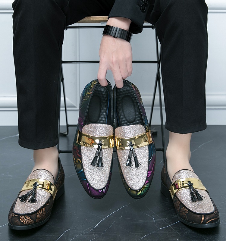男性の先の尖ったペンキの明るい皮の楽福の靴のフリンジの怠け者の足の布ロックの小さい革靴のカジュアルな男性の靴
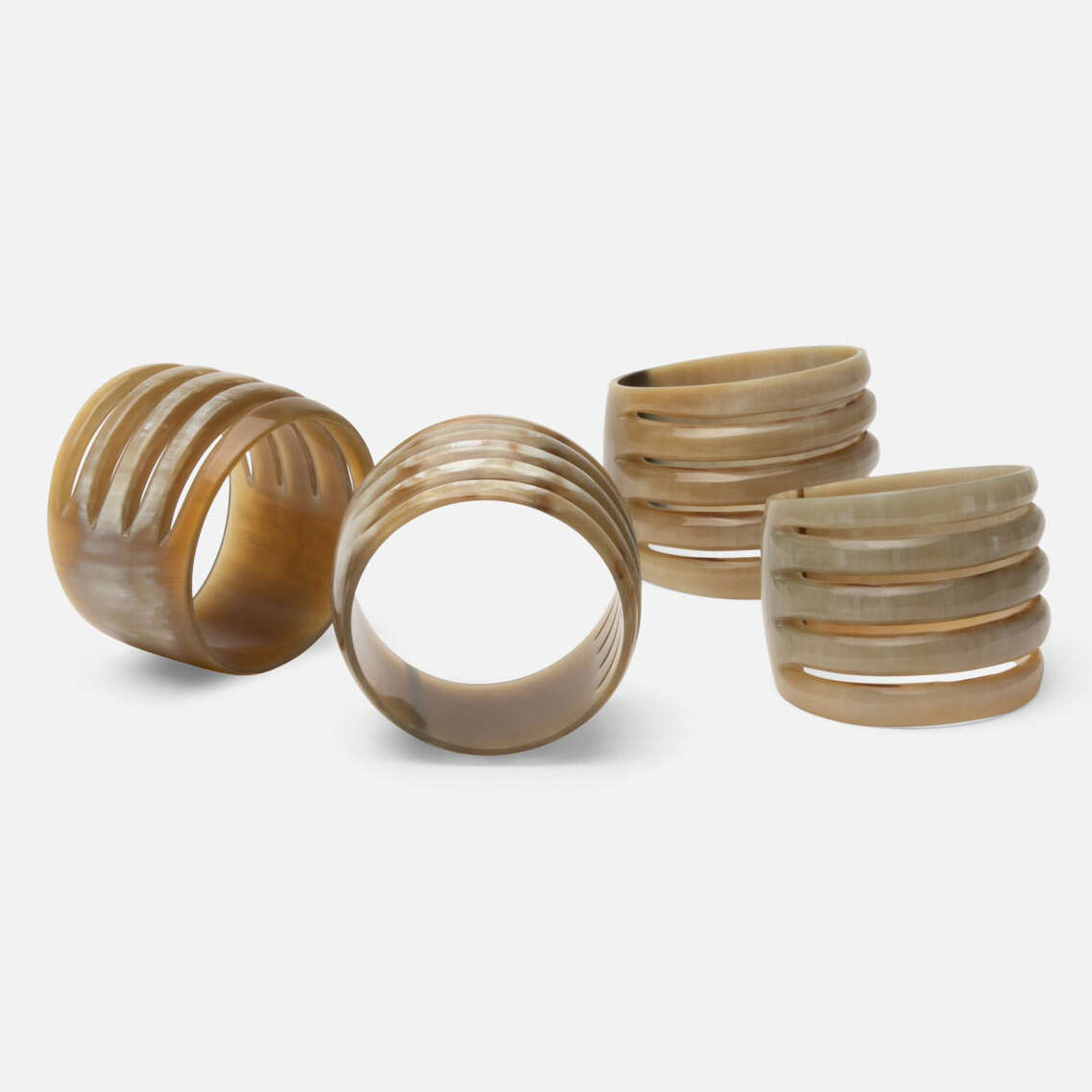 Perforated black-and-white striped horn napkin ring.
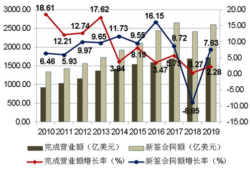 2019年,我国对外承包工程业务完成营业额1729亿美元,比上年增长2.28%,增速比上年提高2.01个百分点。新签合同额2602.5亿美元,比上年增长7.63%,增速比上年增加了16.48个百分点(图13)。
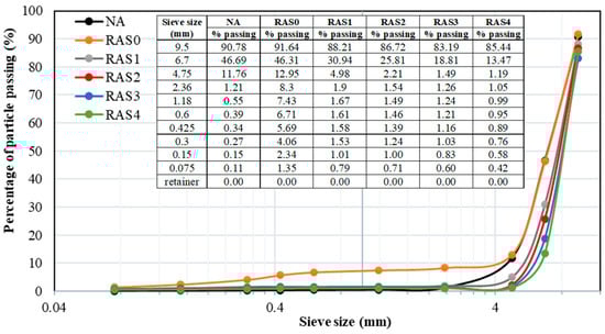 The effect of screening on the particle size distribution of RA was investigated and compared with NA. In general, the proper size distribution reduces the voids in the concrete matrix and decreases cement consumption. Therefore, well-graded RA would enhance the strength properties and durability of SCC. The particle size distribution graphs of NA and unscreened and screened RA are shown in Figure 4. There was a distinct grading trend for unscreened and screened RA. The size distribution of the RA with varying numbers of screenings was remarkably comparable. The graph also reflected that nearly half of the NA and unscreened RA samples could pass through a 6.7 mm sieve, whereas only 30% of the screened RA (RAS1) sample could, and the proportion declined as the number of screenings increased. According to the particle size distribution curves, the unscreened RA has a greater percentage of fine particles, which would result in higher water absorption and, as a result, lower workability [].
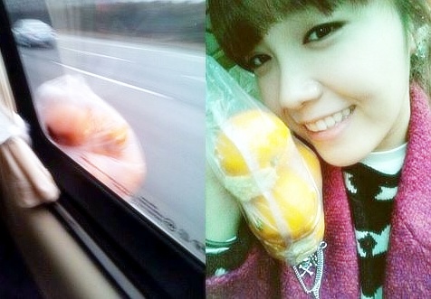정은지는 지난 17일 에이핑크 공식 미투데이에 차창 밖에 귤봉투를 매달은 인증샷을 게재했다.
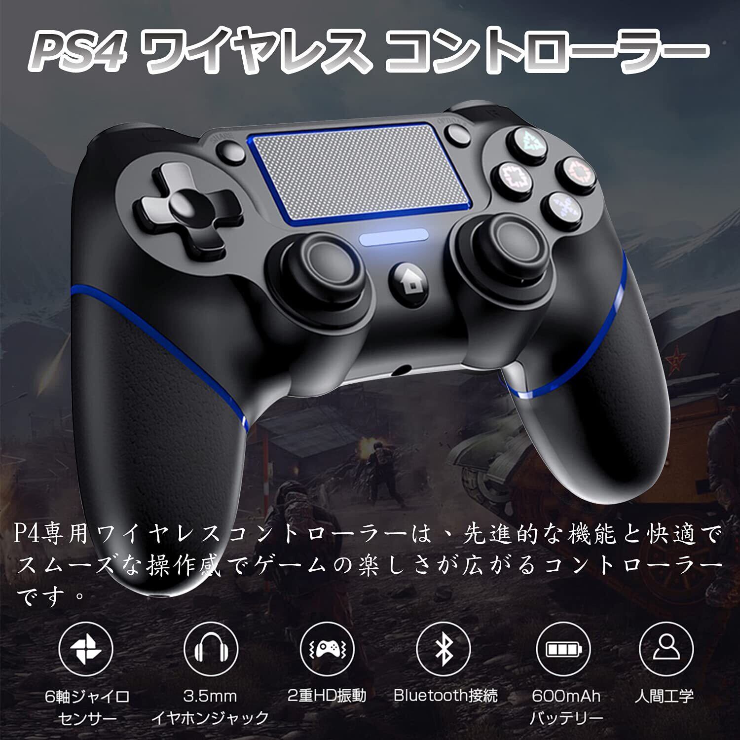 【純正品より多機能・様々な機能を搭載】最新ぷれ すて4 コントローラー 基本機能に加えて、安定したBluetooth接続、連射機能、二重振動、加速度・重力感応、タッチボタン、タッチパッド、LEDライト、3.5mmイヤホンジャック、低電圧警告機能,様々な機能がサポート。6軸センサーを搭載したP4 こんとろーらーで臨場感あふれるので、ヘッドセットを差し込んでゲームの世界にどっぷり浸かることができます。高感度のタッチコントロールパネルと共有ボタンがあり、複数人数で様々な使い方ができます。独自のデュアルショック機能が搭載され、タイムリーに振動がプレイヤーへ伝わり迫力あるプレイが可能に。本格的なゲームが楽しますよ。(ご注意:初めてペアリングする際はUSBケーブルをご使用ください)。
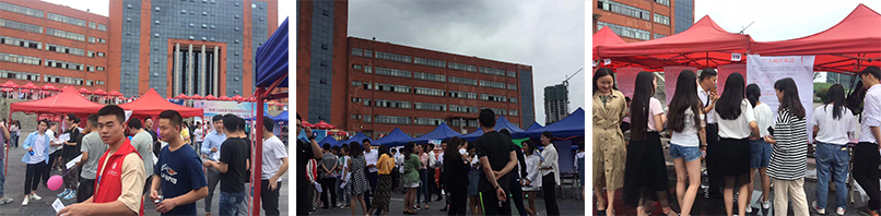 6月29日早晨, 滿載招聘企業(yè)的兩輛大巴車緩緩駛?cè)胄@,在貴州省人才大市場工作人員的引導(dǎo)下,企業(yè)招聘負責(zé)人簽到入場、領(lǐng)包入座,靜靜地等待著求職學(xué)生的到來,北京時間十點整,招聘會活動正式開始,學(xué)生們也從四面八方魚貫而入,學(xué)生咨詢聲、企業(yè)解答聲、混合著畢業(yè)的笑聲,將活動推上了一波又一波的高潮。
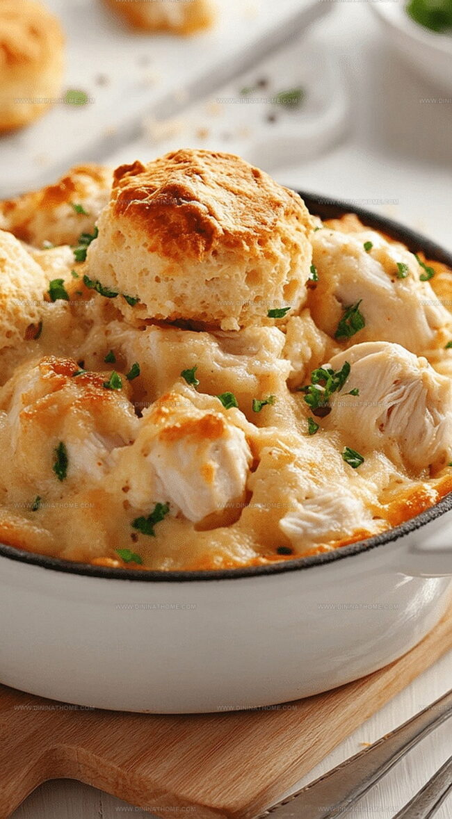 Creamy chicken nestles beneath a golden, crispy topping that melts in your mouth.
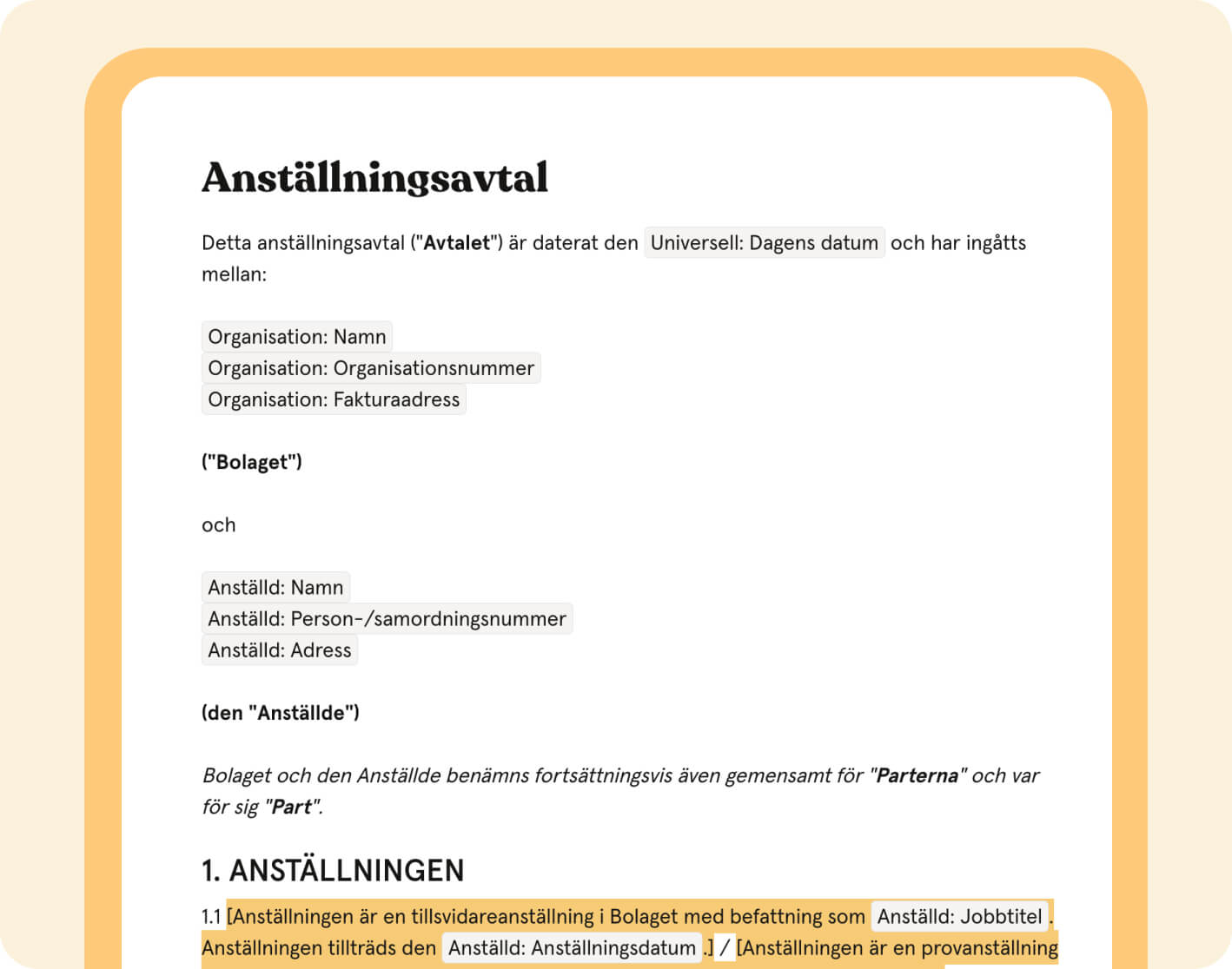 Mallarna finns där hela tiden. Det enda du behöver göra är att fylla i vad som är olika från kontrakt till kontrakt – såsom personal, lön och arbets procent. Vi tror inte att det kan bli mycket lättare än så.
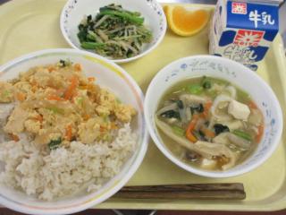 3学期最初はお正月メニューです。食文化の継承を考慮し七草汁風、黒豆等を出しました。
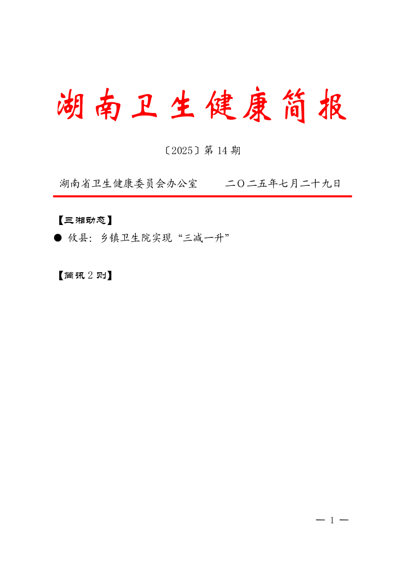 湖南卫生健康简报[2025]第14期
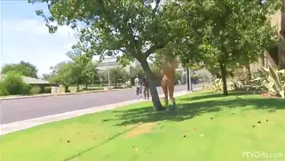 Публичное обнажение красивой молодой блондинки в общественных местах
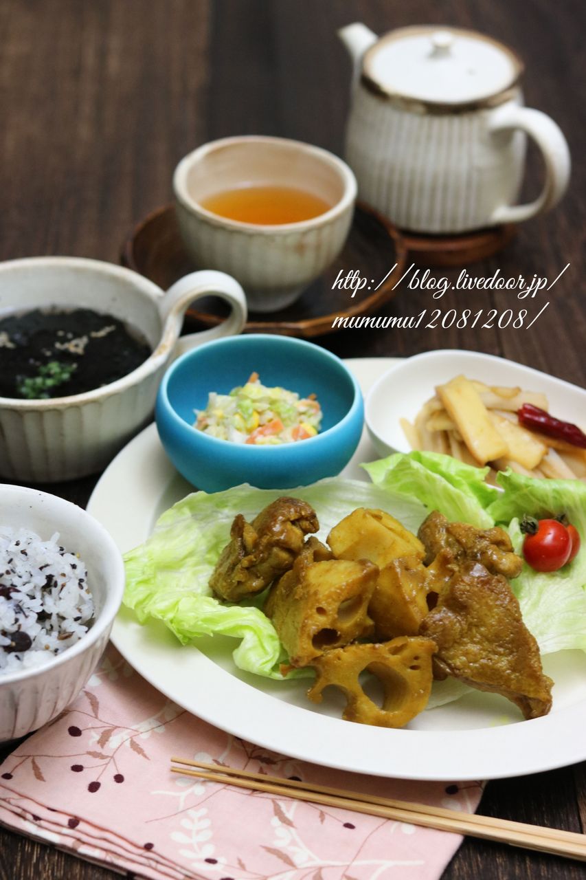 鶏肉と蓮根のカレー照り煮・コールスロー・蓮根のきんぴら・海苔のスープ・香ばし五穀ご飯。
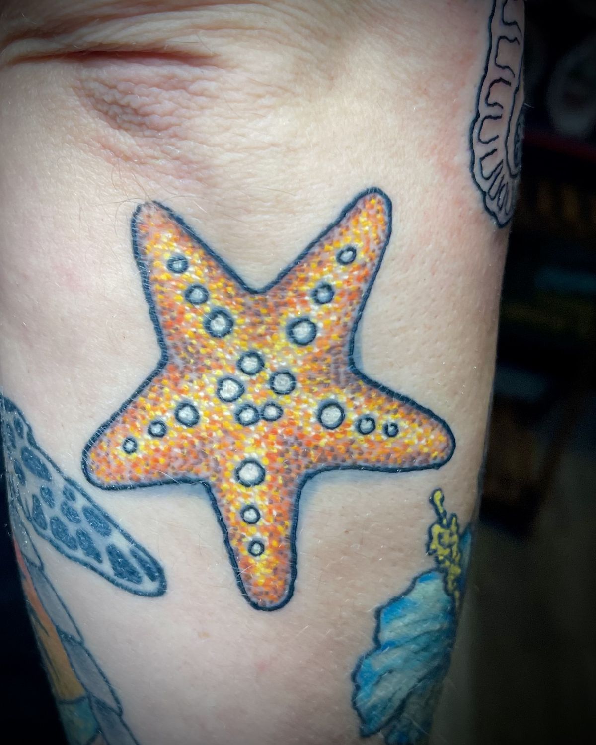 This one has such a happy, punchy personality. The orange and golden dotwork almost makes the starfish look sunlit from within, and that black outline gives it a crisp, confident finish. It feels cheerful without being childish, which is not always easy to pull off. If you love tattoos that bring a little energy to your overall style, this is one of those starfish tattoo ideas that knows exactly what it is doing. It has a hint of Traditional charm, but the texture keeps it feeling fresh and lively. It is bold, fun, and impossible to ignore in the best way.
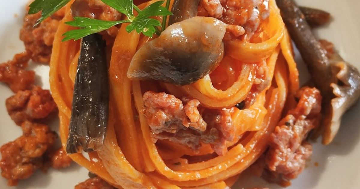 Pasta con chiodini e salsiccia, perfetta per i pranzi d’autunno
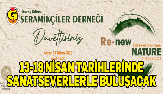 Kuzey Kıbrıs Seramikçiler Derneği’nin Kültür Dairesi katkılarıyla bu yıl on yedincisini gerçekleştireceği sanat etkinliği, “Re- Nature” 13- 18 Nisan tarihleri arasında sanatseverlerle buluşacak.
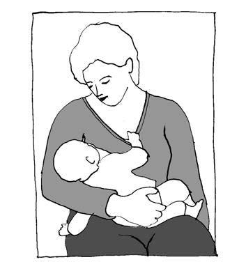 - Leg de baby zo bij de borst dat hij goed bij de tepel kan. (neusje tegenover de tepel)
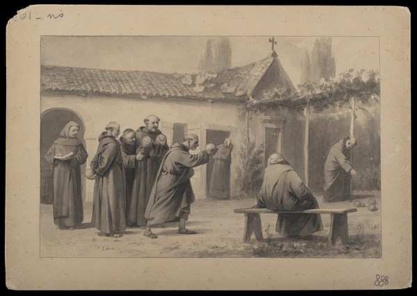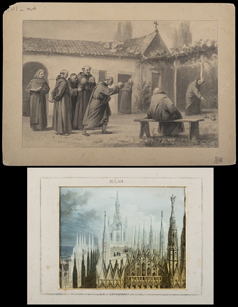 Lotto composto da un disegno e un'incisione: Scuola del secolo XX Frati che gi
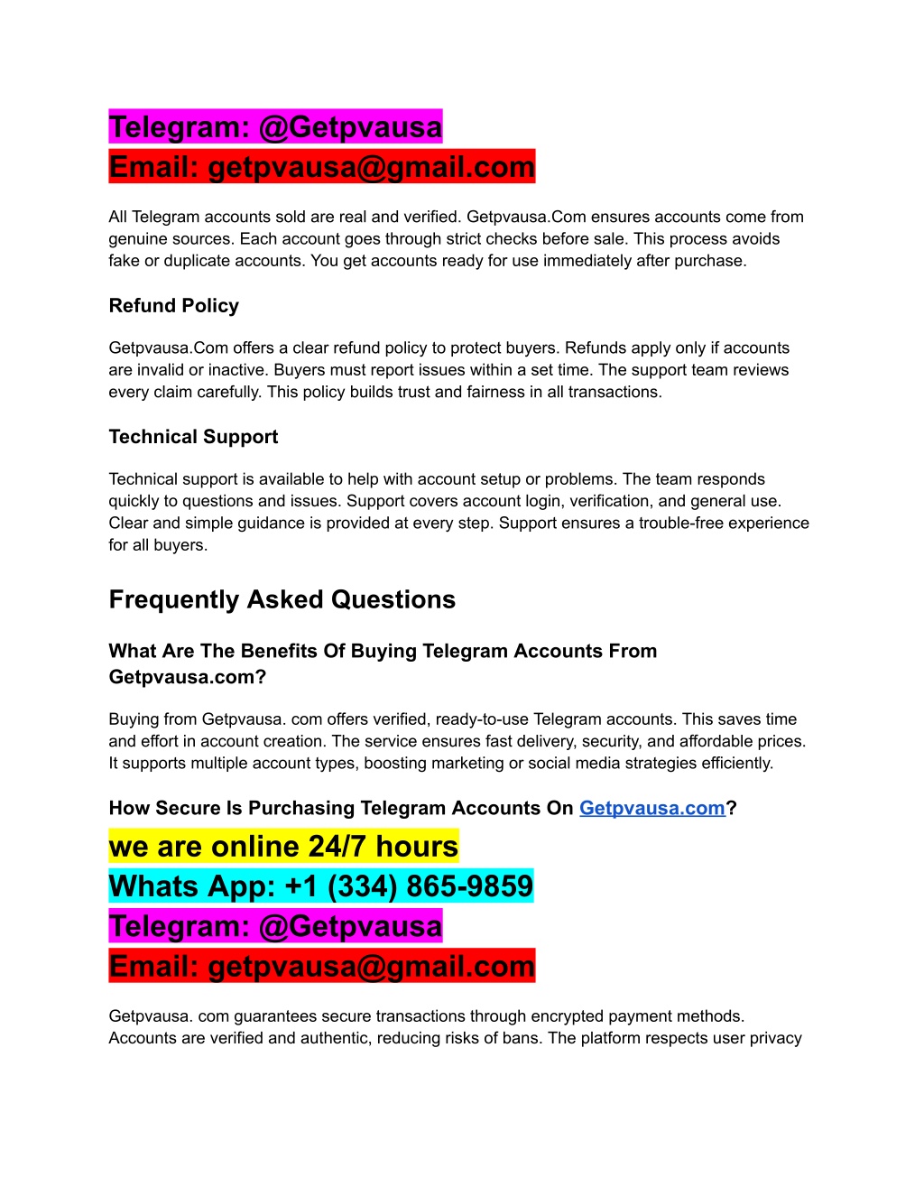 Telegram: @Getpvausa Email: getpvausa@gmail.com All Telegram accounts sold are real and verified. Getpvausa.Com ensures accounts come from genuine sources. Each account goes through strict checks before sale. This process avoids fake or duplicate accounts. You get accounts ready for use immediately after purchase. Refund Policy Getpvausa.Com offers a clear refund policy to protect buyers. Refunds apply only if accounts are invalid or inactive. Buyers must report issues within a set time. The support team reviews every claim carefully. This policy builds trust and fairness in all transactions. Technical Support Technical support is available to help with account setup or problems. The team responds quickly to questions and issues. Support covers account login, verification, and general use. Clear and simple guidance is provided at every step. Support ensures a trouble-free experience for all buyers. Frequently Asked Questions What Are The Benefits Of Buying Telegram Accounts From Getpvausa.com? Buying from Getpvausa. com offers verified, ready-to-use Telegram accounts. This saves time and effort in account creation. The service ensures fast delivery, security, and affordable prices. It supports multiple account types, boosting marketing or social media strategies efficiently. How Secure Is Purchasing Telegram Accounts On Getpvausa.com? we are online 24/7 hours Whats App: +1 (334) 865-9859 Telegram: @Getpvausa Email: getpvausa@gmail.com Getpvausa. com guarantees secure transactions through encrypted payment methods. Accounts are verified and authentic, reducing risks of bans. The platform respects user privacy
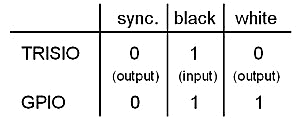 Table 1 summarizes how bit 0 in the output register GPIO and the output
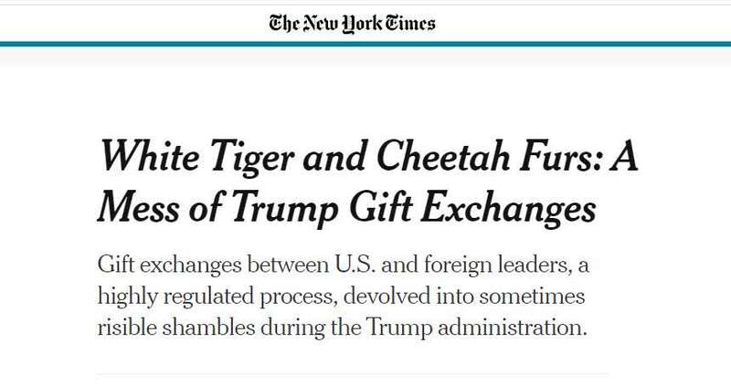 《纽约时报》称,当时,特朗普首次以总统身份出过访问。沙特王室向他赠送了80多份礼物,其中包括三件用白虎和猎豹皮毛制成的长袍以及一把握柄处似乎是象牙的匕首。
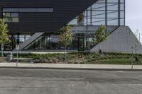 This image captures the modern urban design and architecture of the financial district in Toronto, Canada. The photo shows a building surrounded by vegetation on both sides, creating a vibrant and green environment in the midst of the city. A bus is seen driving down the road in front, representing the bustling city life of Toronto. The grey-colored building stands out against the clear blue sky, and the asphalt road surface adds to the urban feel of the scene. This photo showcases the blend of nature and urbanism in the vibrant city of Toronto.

[Task description]: Return only the lines from the start of the data through the line that contains "2019年,我国对外承包工程", please, copying them exactly and omitting all pictures.

[Your solution]:
男性の先の尖ったペンキの明るい皮の楽福の靴のフリンジの怠け者の足の布ロックの小さい革靴のカジュアルな男性の靴
 Perforated black-and-white striped horn napkin ring.
 2019年,我国对外承包工程业务完成营业额1729亿美元,比上年增长2.28%,增速比上年提高2.01个百分点。新签合同额2602.5亿美元,比上年增长7.63%,增速比上年增加了16.48个百分点(图13)。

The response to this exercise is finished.